How to instruct compiler to generate unaligned loads for __m128
In my opinion you should write your data structures using standard C++ constructions (of which __m128i
is not). When you want to use intrinsics which are are not standard C++ you "enter SSE world" through intrinsics such as _mm_loadu_ps
and you "leave SSE world" back to standard C++ with an intrinsic such as _mm_storeu_ps
. Don't rely on implicit SSE loads and stores. I have seen too many mistakes on SO doing this.
In this case you should use
struct Foobar {
float a[4];
float b[4];
int c;
};
then you can do
Foobar foo[16];
In this case foo[1]
won't be 16 byte aligned but when you want to use SSE and leave standard C++ do
__m128 a4 = _mm_loadu_ps(foo[1].a);
__m128 b4 = _mm_loadu_ps(foo[1].b);
__m128 max = _mm_max_ps(a4,b4);
_mm_storeu_ps(array, max);
then go back to standard C++.
Another thing you can consider is this
struct Foobar {
float a[16];
float b[16];
int c[4];
};
then to get an array of 16 of the original struct do
Foobar foo[4];
In this case as long the first element is aligned so are all the other elements.
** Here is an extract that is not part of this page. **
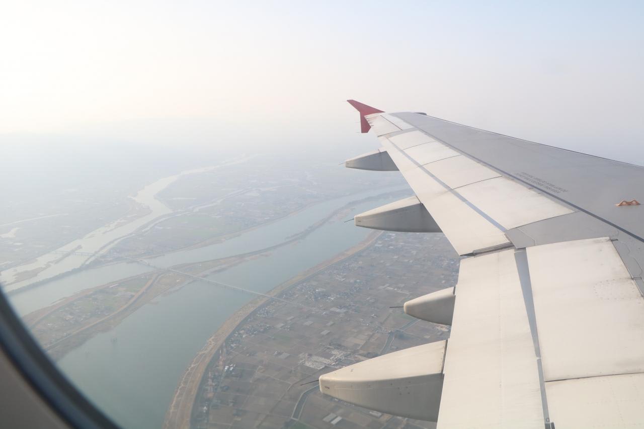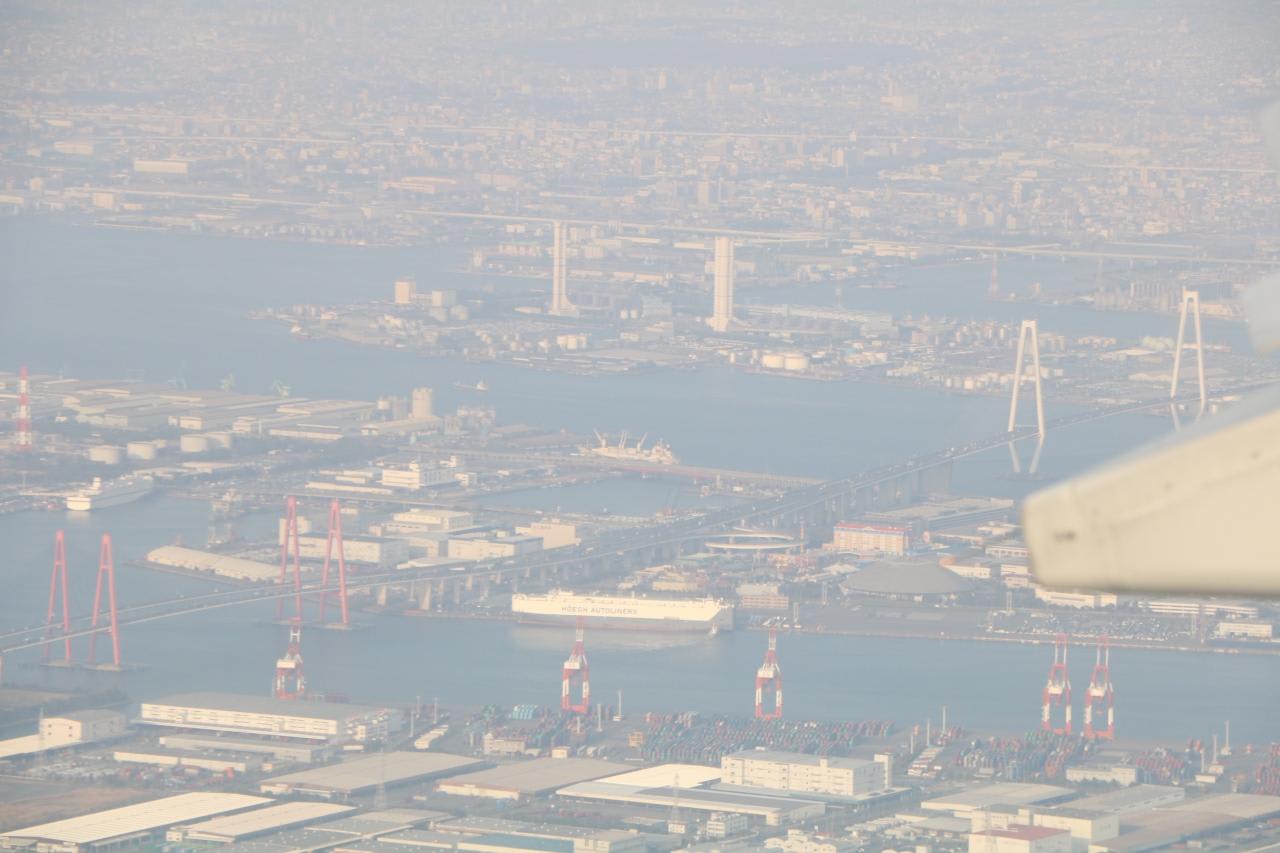4時間飛行し、眼下に揖斐川、長良川、木曽川の木曾三川が見えてきました。もうすぐ名古屋。

If you want utility functions which act on SSE registers then don't use explicit or implicit load/stores in the utility function. Pass const references to __m128
and return __m128
if you need to.
//SSE utility function
static inline __m128 mulk_SSE(__m128 const &a, float k)
{
return _mm_mul_ps(_mm_set1_ps(k),a);
}
//main function
void foo(float *x, float *y n)
{
for(int i=0; i<n; i+=4)
__m128 t1 = _mm_loadu_ps(x[i]);
__m128 t2 = mulk_SSE(x4,3.14159f);
_mm_store_ps(&y[i], t2);
}
}
The reason to use a const reference is that MSVC cannot pass __m128
by value. Without a const reference you get an error
error C2719: formal parameter with __declspec(align('16')) won't be aligned.
__m128
for MSVC is really a union anyway.
typedef union __declspec(intrin_type) _CRT_ALIGN(16) __m128 {
float m128_f32[4];
unsigned __int64 m128_u64[2];
__int8 m128_i8[16];
__int16 m128_i16[8];
__int32 m128_i32[4];
__int64 m128_i64[2];
unsigned __int8 m128_u8[16];
unsigned __int16 m128_u16[8];
unsigned __int32 m128_u32[4];
} __m128;
presumably MSVC should not have to load the union when the SSE utility functions are inlined.
Based on the OPs latest code update here is what I would suggest
#include <x86intrin.h>
struct Vector4 {
__m128 data;
Vector4() {
}
Vector4(__m128 const &v) {
data = v;
}
Vector4 & load(float const *x) {
data = _mm_loadu_ps(x);
return *this;
}
void store(float *x) const {
_mm_storeu_ps(x, data);
}
operator __m128() const {
return data;
}
};
static inline Vector4 operator + (Vector4 const & a, Vector4 const & b) {
return _mm_add_ps(a, b);
}
static inline Vector4 operator - (Vector4 const & a, Vector4 const & b) {
return _mm_sub_ps(a, b);
}
struct Foobar {
float a[4];
float b[4];
int c;
};
int main(void)
{
Foobar myArray[10];
// note that myArray[0].a, myArray[0].b, and myArray[1].b should be // initialized before doing the following
Vector4 a0 = Vector4().load(myArray[0].a);
Vector4 b0 = Vector4().load(myArray[0].b);
Vector4 a1 = Vector4().load(myArray[1].a);
(a0 + b0 - a1).store(myArray[1].b);
}
This code was based on ideas from Agner Fog's Vector Class Library.
Clang has -fmax-type-align
. If you set -fmax-type-align=8
then no 16-byte aligned instruction will be generated.